Initially, a total of 6,418 cycles were considered for inclusion in the study. However, 3,160 cycles were cancelled due to various reasons, including no embryo transfer (n = 581); Preimplantation genetic testing for aneuploidy (n=885); Intrauterine effusion (n = 54); Ovarian irritation sign (n = 543); Hydrosalpinx (n = 284); Genital tract infection (n = 9); Thin endometrium on the day of transplantation (n = 214); Endometrial polyps (n = 68); Endometriosis (n = 8); Adenomyosis (n = 25); and other reasons (n=489). Of the remaining 3,258 cycles, 2,477 cycles were excluded according to the standard, including missing data (n = 728); No GnRH agonist long scheme (n = 1,373); High quality embryos were not transplanted (n = 251); and Single embryo transfer at cleavage stage (n=165). Consequently, a final cohort of 781 cycles was included in the analysis, and they were divided into five groups based on progesterone levels on the day after HCG injection: Group A: P < 2.5 ng/ml (n = 128); Group B: 2.5 ng/ml ≤ progesterone < 3.5 ng/ml (n = 174); Group C: 3.5 ng/ml ≤ progesterone < 4.5 ng/ml (n = 153); Group D: 4.5 ng/ml ≤ progesterone < 5.5 ng/ml (n = 132); Group E progesterone ≥5.5 ng/ml(n=194) (Figure 1).

Figure 1

Figure 1 Flow chart of the inclusion and exclusion criteria.

3.2 General clinical data

There were significant differences in basal follicular stimulating hormone (FSH) and infertility factor (unexplained infertility and other factors) among groups, but no statistically significant differences in age, infertility duration, infertility types, basal Luteinizing hormone (LH), basal estradiol (E2) and infertility factors (tubal factor, male factor and ovulation failure) (Table 1).

Table 1

Table 1 General Clinical Data for Each Group.

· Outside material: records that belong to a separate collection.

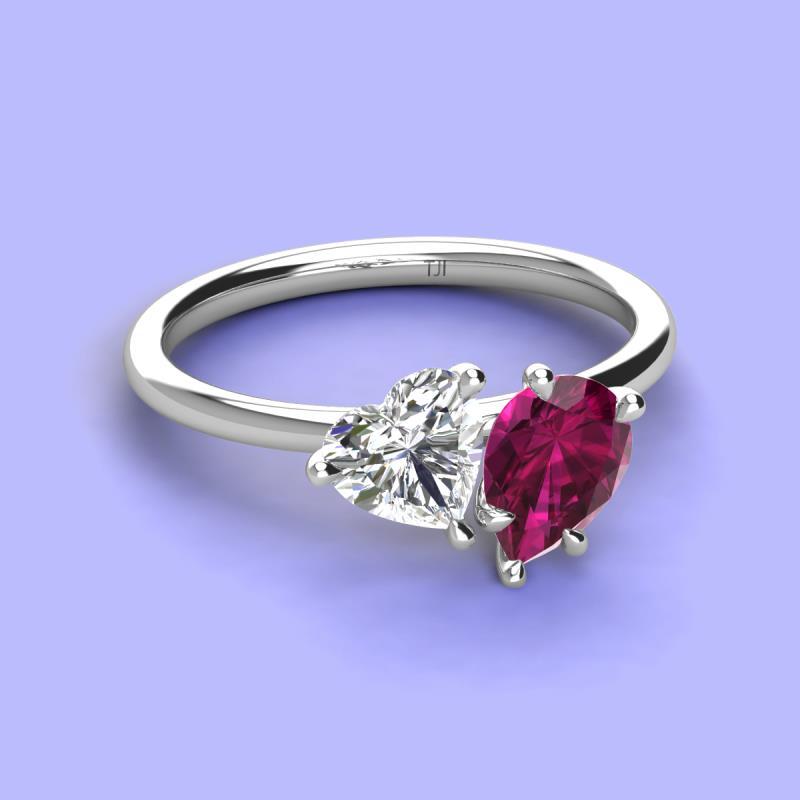 There's something so romantic, and oh-so-enchanting about this duo two stone engagement ring. This spectacular design features Heart Shape Forever One Moissanite and Pear Shape Rhodolite Garnet that sets at slight angles towards each other.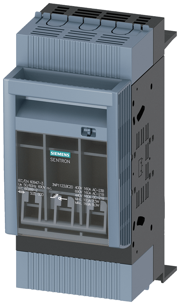 SIEMENS - SENTRON, Sezionatore sottocarico a fusibili 3NP1, a 3 poli, NH000, 160 A 3NP11231BC20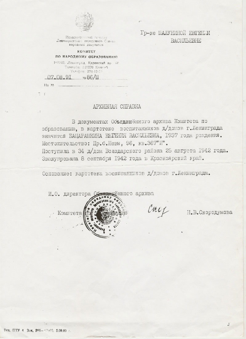 Sie wohnte mit ihrer Familie am rechten Ufer der Newa, im Haus N° 96, Wohnung 367 „i“, auf dem Gelände des Thälmann-Kombinats (Anhang 8). Jewgenia Wasiljewna kann sich an ihren Vater überhaupt nicht erinnern, aber sie weiß, dass er ein „schwieriger Mensch“ war. Er ging stets im Jackett und mit Krawatte umher und war häufig auf Geschäftsreisen.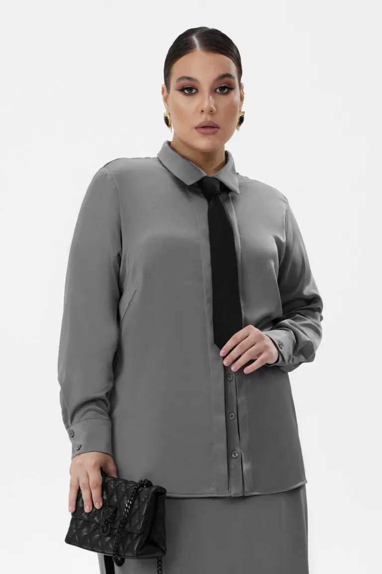 Шелковая рубашка с отложным воротником и двойной передней планкой
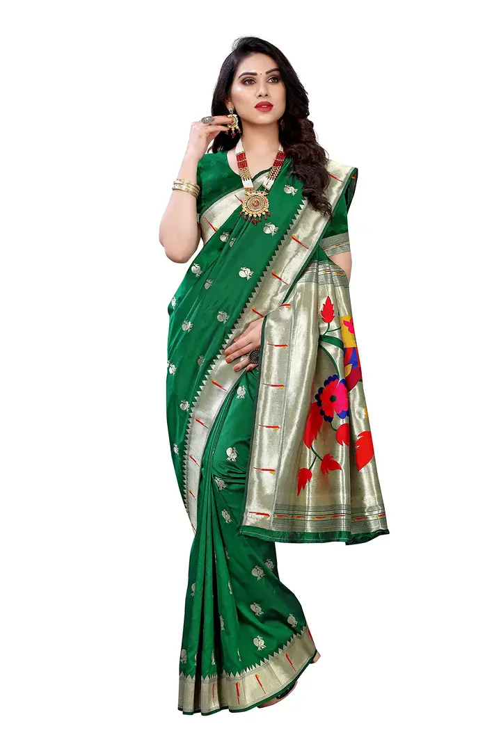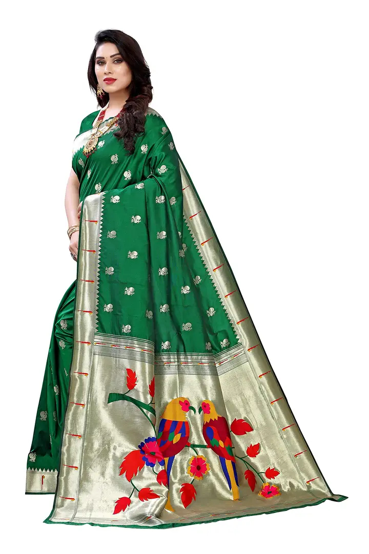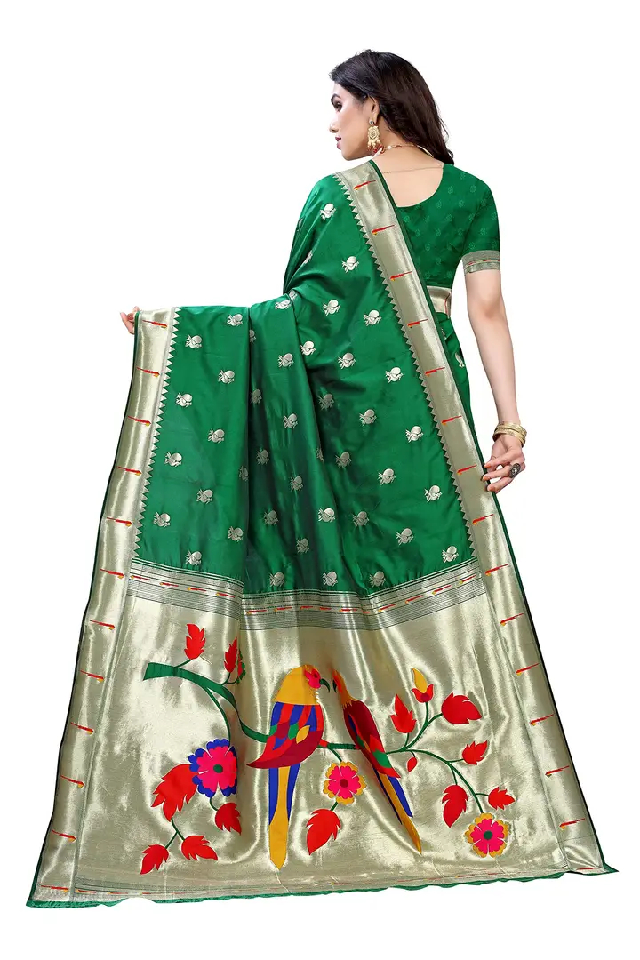 Pandadi Saree Women's Paithani Paithani Silk Saree With Blouse Piece (184PS_Green)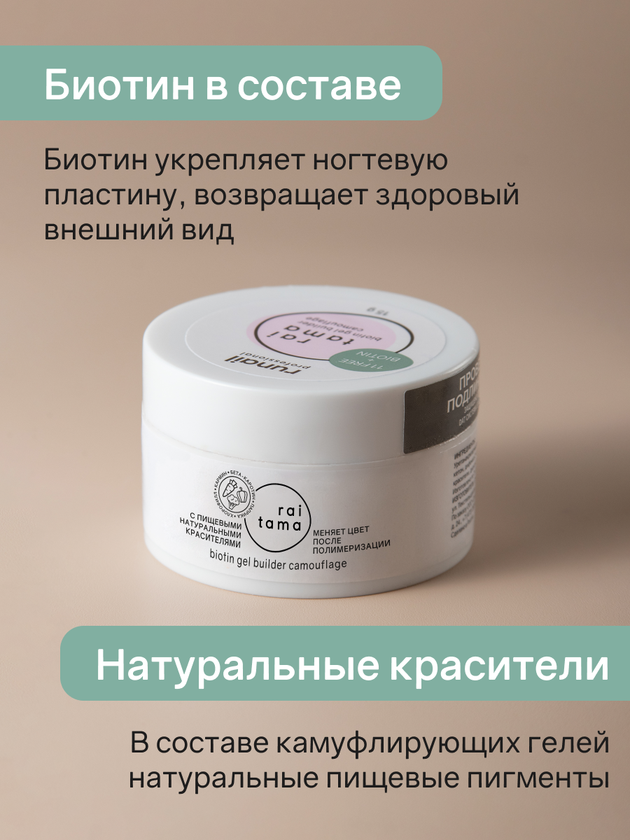 Гель для ногтей гипоаллергенный/камуфлирующий гель для моделирования и наращивания/гель для маникюра и педикюра с биотином RAITAMA №8256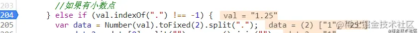 - ====>split(".")方法可把输入的小数用"."分割成数组 =====>有小数点的情况下
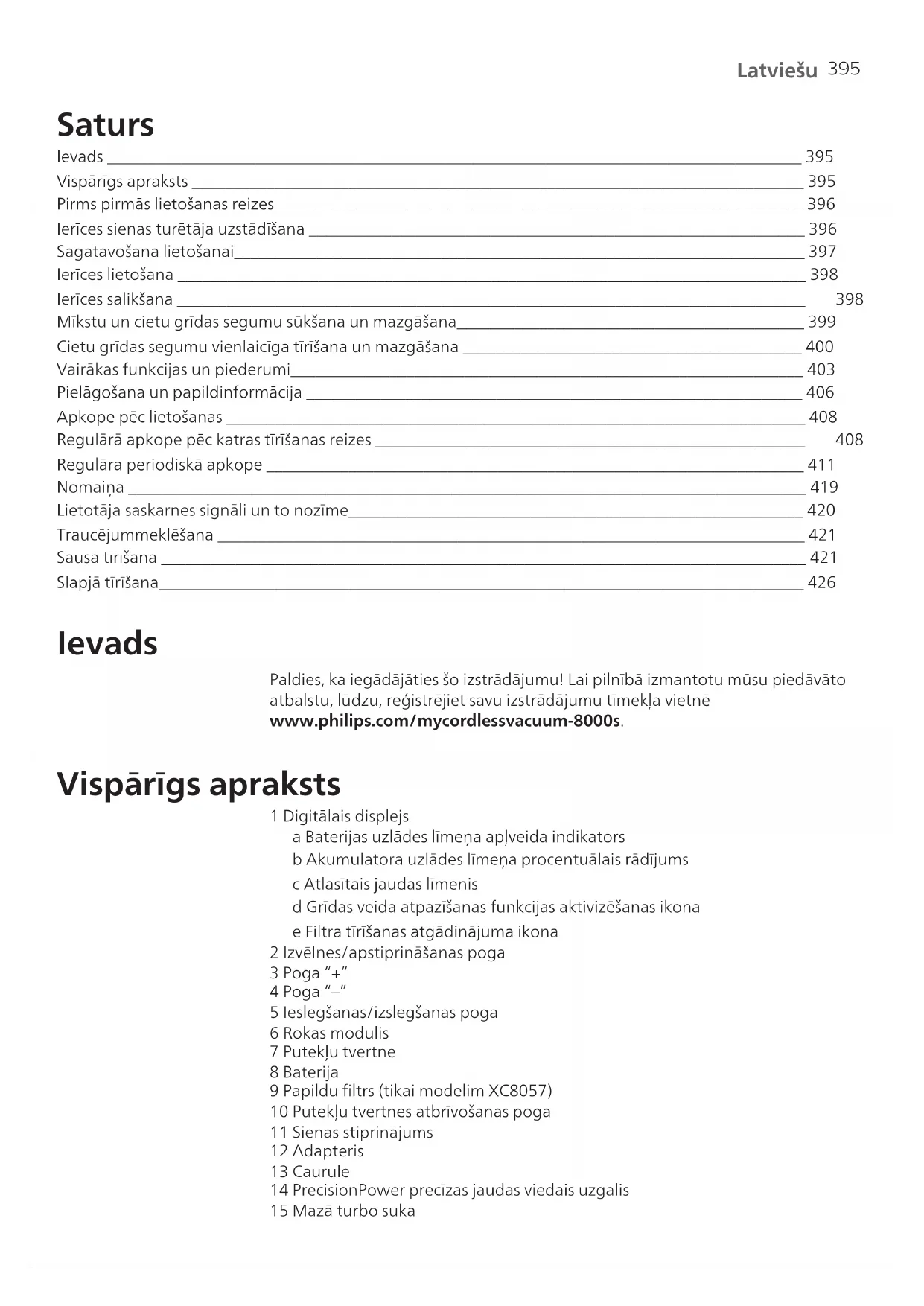 Latviešu Saturs Ievads ____________________________________________________________________________________ 395 Vispārīgs apraksts __________________________________________________________________________ 395 Pirms pirmās lietošanas reizes________________________________________________________________ 396 Ierīces sienas turētāja uzstādīšana ____________________________________________________________ 396 Sagatavošana lietošanai_____________________________________________________________________ 397 Ierīces lietošana ____________________________________________________________________________ 398 Ierīces salikšana ____________________________________________________________________________ 398 Mīkstu un cietu grīdas segumu sūkšana un mazgāšana__________________________________________ 399 Cietu grīdas segumu vienlaicīga tīrīšana un mazgāšana _________________________________________ 400 Vairākas funkcijas un piederumi______________________________________________________________ 403 Pielāgošana un papildinformācija ____________________________________________________________ 406 Apkope pēc lietošanas ______________________________________________________________________ 408 Regulārā apkope pēc katras tīrīšanas reizes ____________________________________________________ 408 Regulāra periodiskā apkope _________________________________________________________________ 411 Nomaiņa __________________________________________________________________________________ 419 Lietotāja saskarnes signāli un to nozīme_______________________________________________________ 420 Traucējummeklēšana _______________________________________________________________________ 421 Sausā tīrīšana ______________________________________________________________________________ 421 Slapjā tīrīšana______________________________________________________________________________ 426 Ievads Paldies, ka iegādājāties šo izstrādājumu! Lai pilnībā izmantotu mūsu piedāvāto atbalstu, lūdzu, reģistrējiet savu izstrādājumu tīmekļa vietnē www.philips.com/mycordlessvacuum-8000s. Vispārīgs apraksts 1 Digitālais displejs a Baterijas uzlādes līmeņa apļveida indikators b Akumulatora uzlādes līmeņa procentuālais rādījums c Atlasītais jaudas līmenis d Grīdas veida atpazīšanas funkcijas aktivizēšanas ikona e Filtra tīrīšanas atgādinājuma ikona 2 Izvēlnes/apstiprināšanas poga 3 Poga “+” 4 Poga “–” 5 Ieslēgšanas/izslēgšanas poga 6 Rokas modulis 7 Putekļu tvertne 8 Baterija 9 Papildu filtrs (tikai modelim XC8057) 10 Putekļu tvertnes atbrīvošanas poga 11 Sienas stiprinājums 12 Adapteris 13 Caurule 14 PrecisionPower precīzas jaudas viedais uzgalis 15 Mazā turbo suka396 Latviešu 16 Kombinētais uzgalis 17 Mīkstā suka 18 Polsterējumu uzgalis 19 Šaurās vietās ievietojams uzgalis 20 Sūkšanas un mazgāšanas uzgalis 21 Ūdens tvertne 22 Mikrošķiedras tīrīšanas paliktnis Pirms pirmās lietošanas reizes Ierīces sienas turētāja uzstādīšana 1 Pagrieziet sienas stiprinājumu un atbīdiet pelēko sviru. Ievietojiet uzlādes portu tā, lai ir redzama metāla daļa, un pavērsiet to vertikāli virzienā pret sānu stiprinājuma priekšpusi. 2 Sakārtojiet vadu, ievietojot to tam paredzētajā rievā. 3 Iebīdiet atpakaļ pelēko sviru. Pārliecinieties, vai pelēkā svira ir nostiprināta tai paredzētajā vietā, par ko liecina klikšķa skaņa. 110 ± 2 cm 4 Droši piestipriniet sienas stiprinājumu vēlamajā vietā pie sienas, nodrošinot, ka uzstādīšanas skrūves atveres atrodas aptuveni 110cm attālumā no grīdas. Uzmanību! Sienā urbjot sienas stiprinājumiem paredzētus caurumus, ievērojiet piesardzību, lai izvairītos no elektriskās strāvas trieciena riska.397 Latviešu Piezīme. Pārbaudiet, vai sienas stiprinājums ir novietots tā, ka visa ierīce ir piekārta pie sienas un uzgalis nepieskaras grīdai. 5 Kad ir noteikts optimāls ierīces glabāšanas un uzlādes izvietojums un augstums, stingri pievelciet skrūves, lai piestiprinātu sienas stiprinājumu tam paredzētajā vietā. Sagatavošana lietošanai Ierīce ir aprīkota ar litija jonu akumulatoru. Pilnīga akumulatora uzlāde ilgst līdz pat 6stundas. 1 Pievienojiet akumulatoru komplektu ierīces galvenajam korpusam, nodrošinot, ka tas tiek stingri pievienots, par ko liecina klikšķa skaņa. MAX 40⁰C MIN 5⁰C 2 Uzlādējiet ierīci, novietojot to uz saliktā sienas stiprinājuma. Brīdinājums! Uzglabājiet un uzlādējiet ierīci 5°C–40°C temperatūrā.398 Latviešu Piezīme. Varat arī novietot rokas moduli uz līdzenas un stabilas virsmas un tieši pievienot uzlādes vadu ierīcei.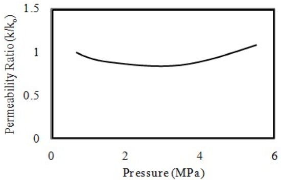where , and and are the original reservoir porosity, the original pressure (MPa) and the matrix shrinkage compressibility, respectively. This equation also can be used to predict permeability by combining it with Equation (19). Here, the first terms describe the effective stress influence and the last term describes the matrix shrinkage influence. According to the researchers, this equation can be reduced to the following simpler model if the compressibility factor, is constant, although it will not be constant practically as it varies with medium porosity and Young’s modulus:

3.3 Clinical pregnancy outcome

While significant differences were identified in estradiol upon HCG injection, there were no differences in transplantation day endometrium, available embryo rate, clinical pregnancy rate, miscarriage rate, or live birth rate (Table 2).

Table 2

Table 2 Clinical Outcomes for Each Group.

3.4 Progesterone level on the day after HCG of live birth and no live birth

Analysis revealed no significant difference in progesterone level on the day after HCG injection between live birth and no live birth (Table 3).

Table 3

Table 3 Progesterone level on the day after HCG between live birth and no live birth.

3.5 Binary logistic regression analysis

The OR with the corresponding 95% CI and P values for each parameter was included in the regression model. The only significant P value (<0.0001) was female age (OR=0.905, 95% CI: [0.872; 0.939]). After adjusting for female age, infertility duration, whether primary infertility, basal FSH level, basal LH level, basal E2 level, E2 level on HCG injection, and transplantation day endometrium, the increase in progesterone levels on the day after HCG injection has no effect on the live birth rate (Table 4).

Table 4

Table 4 Binary Regression Model.

4 Discussion

IVF-ET remains a focal point of assisted reproduction, and the challenge of optimizing success rate prompts continued investigation into multifaceted factors that influence clinical pregnancy outcomes. Among these factors, endocrine hormones, such as progesterone and estradiol, play crucial roles in modulating endometrial transformation and receptivity, ultimately impacting the success of clinical pregnancy outcome. Numerous studies have demonstrated the adverse effects of high progesterone level on HCG injection on clinical pregnancy outcome in IVF-ET (Lou et al., 2018; Cai et al., 2013; Kolibianakis et al., 2012) (12–14). However, there are still few studies the correlation between high progesterone levels on the day after HCG injection and clinical pregnancy outcomes. Our investigation leaded to the conclusion that a high progesterone level on the day after HCG injection has no effect on the clinical pregnancy outcome of IVF-ET, particularly when the progesterone level on HCG injection is low.

In this study, we analyzed the correlation between progesterone level on the day after HCG injection and the clinical pregnancy outcome of IVF-ET. Patients were divided into groups according to the progesterone level on the day after HCG injection, and there were no significant differences in clinical pregnancy rate, miscarriage rate and live birth rate among the groups. Subsequent binary regression analysis validated these findings, confirming the absence of a significant correlation between the progesterone level on the day after HCG injection and live birth rate. This led us to infer that variations in the progesterone level on the day after HCG injection do not yield significant changes in endometrial receptivity.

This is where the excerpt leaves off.